• TASK DETAILS
Set the data down again, exactly as it reads, but without the pictures.

• RECORDED INFORMATION
···

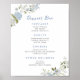 Símbolo azul de "Bar de deserto" floral com um design floral de cor aquosa impressionante, com flores brancas e poeirentas, como a hydrangea. A letra manuscrita divertida adiciona um encantador toque de vintagem ao design e complementa perfeitamente os florais.
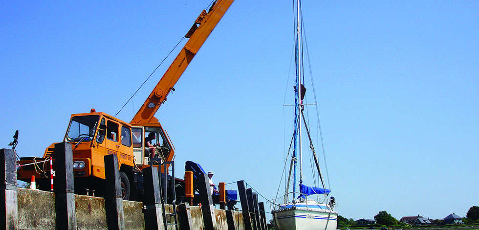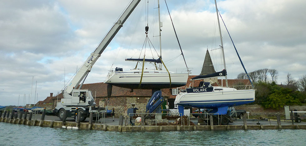 Our versatile crane is able to lift boats weighing up to 10 tonnes at Bosham Quay
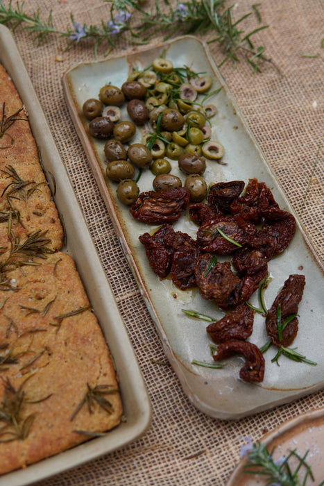 Antipasti, Oliven, eigelegte Tomaten in Olivenöl und natürlich feinstes griechisches Olivenöl.

···

• WRITTEN RESPONSE
 Símbolo azul de "Bar de deserto" floral com um design floral de cor aquosa impressionante, com flores brancas e poeirentas, como a hydrangea. A letra manuscrita divertida adiciona um encantador toque de vintagem ao design e complementa perfeitamente os florais.
 Our versatile crane is able to lift boats weighing up to 10 tonnes at Bosham Quay
 Antipasti, Oliven, eigelegte Tomaten in Olivenöl und natürlich feinstes griechisches Olivenöl.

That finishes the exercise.